Menopause in the movies…doesn’t exist. Unless, you consider any movie Miss Crawford starred in post 1950. And, do you want to know the reason why? I think it scares men. I don’t think ghosts or gore or ten foot tall limpid blue aliens can hold a candle to a fifty year old woman for sheer, awe inspiring, fear.

Think Joan in, say, 1951 — the harsh makeup, the lacquered hair — all so yesterday. But, the spirit lives on — the steely humorless demeanor, the superficial sweetness masking a cobra strike. Oh yes. Just ask my beloved.

I was going to post a formal portrait of Joan from that period, but then I saw this and, forgive me for saying so, but I identified… Deeply, deeply, identified. You see, there are days I will rip your heart out over a splash of coffee on the counter or a drop of jam on the floor. Let’s talk dust, better yet, let’s talk baseboards — why is it nobody else but me sees them flocked and teaming with dirt? Are male eyes structurally different than female eyes — that just can’t be… And, if you retort with some particle vs wave theoretical hooey I will smack you.

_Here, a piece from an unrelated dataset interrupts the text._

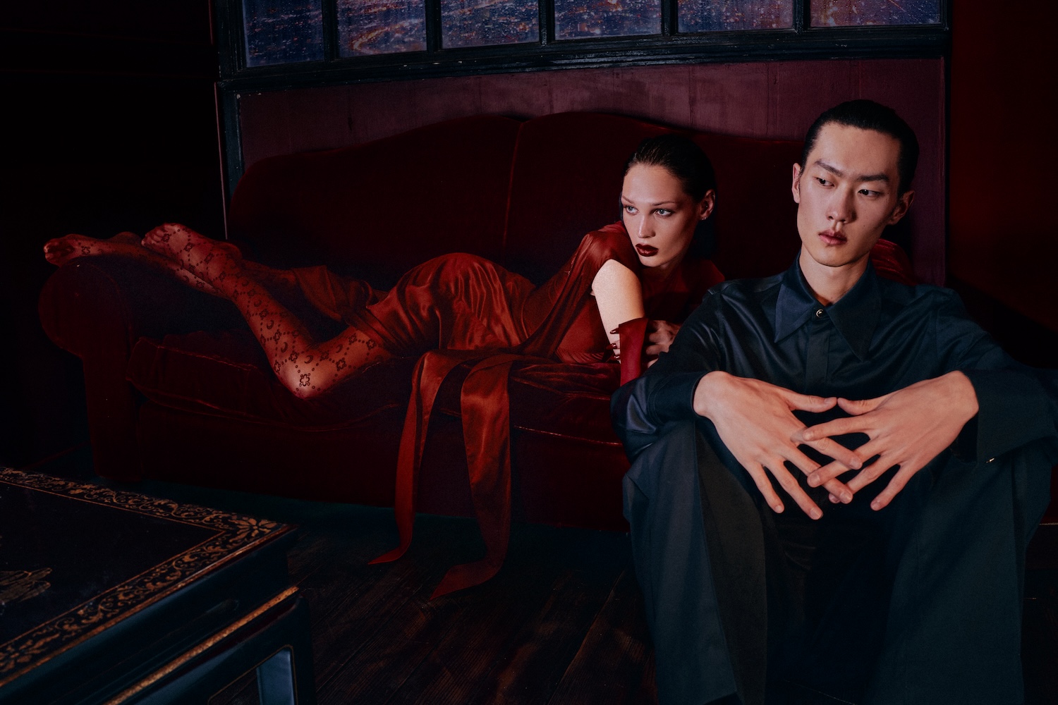 Shot again by Julia & Vincent with moving images by Adrien Lallau, Act III unfolds like a cinematic night in Shanghai. Every detail carries the charged stillness of Wong Kar Wai’s 2000 film ‘In the Mood for Love’: the deep crimson of a velvet sofa, neon lights bleeding through rain-slick windows, every detail heavy with atmosphere. Figures are suspended in silence, their connection etched entirely in the negative space, like the geometry of crossed legs, the arch of a back, the lingering, deliberate pause between two glances.

Brace yourself, a change in tone, some might call it a mood swing, and-oh-my-darlings, they come quickly now. The mister and I have been an item for thirty years. There are days (most days, to be perfectly honest) when I look at him and I think, I am the luckiest girl in the world. Sometimes I look at the kid and I think he’s the most adorable thing on the face of the earth (and let’s face it, he is)… And, yet… Does this afford them any protection? Not really.

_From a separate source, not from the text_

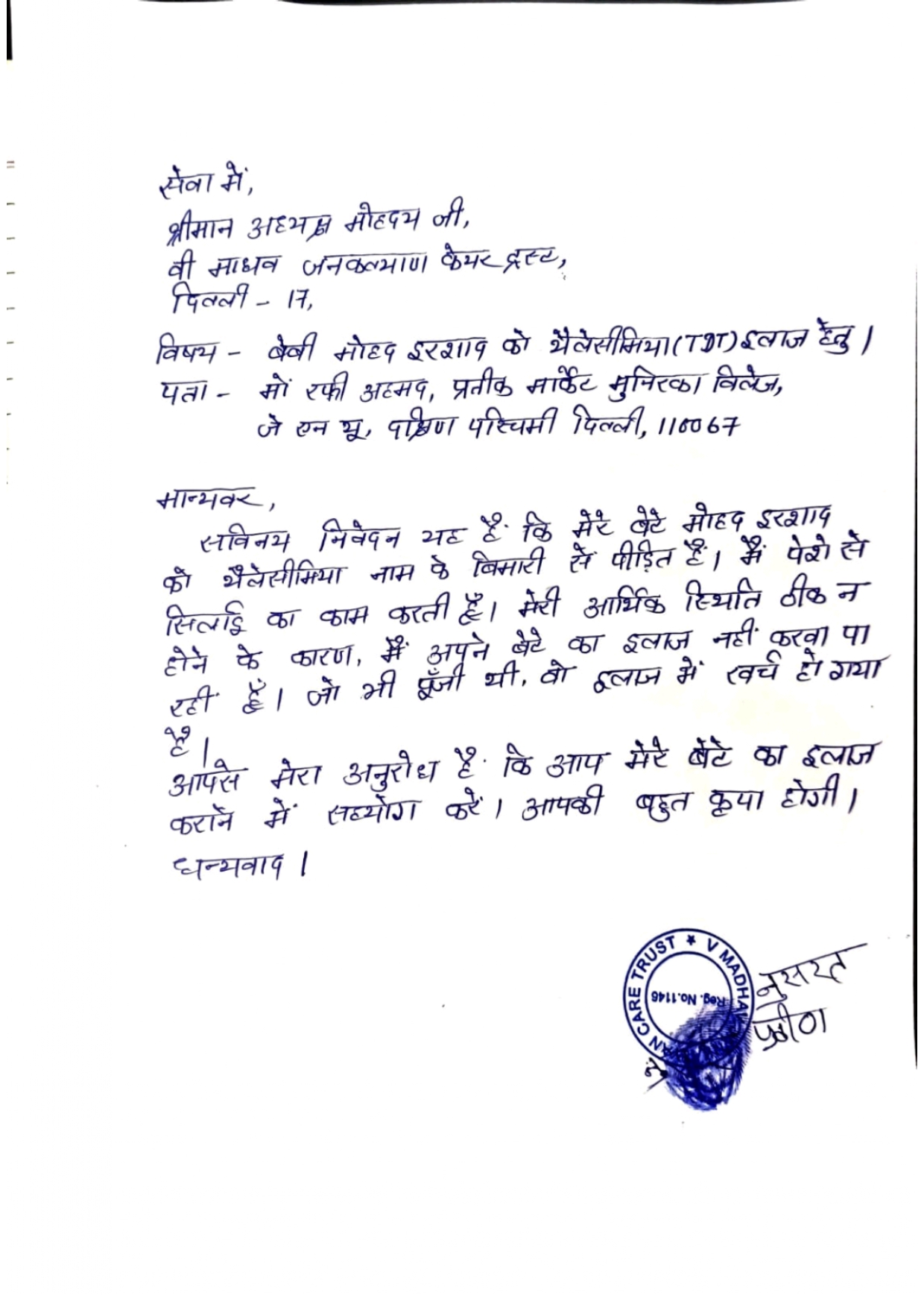 We really appreciate your initiative to support a noble cause for Supporting the life of MOHD IRSHAD. who is struggling with his life at All India Institute of Medical Sciences(AIIMS), New Delhi, having a life threatening disease (Thalassemia).

I think the male lack of dirt detection is made up for by the Hormonal Danger Zone sensor. I can see it in the set of their shoulders, their primal alacrity, alert, poised to flee – suddenly they decide to go to the hardware store for a useless drill bit or electric doohickey.

“Do you both need to go?”

They exchange a look, leaving dust trails behind.

Thank God for the Swiffer.

 

4 comments

    • Having put the kibosh on the Christmas tree yesterday, which led to sweeping, which led to laundering four table cloths, which led to…well you get the idea. Three cheers for dirt detection!

  1. I just turned 51 last month, and honest to goodness, my husband said these words. “I’ve heard that when women get past age 50, they suddenly hate their husbands. Are you going to hate me and want to leave?” I howled with laughter, then asked him to get me another bowl of ice and fan air across it gently with an ostrich feather to ease my latest hot flash. Some stuff we hear about menopause is hooey – some is not. Let them guess which is which! *evil grin*

    • Ms. Marcheline, I like, no, I love your style! What I’ve learned so far is Mom was right. Regular exercise is the only thing that keeps my hormones from switching on the heat. May the New Year bring you grins aplenty!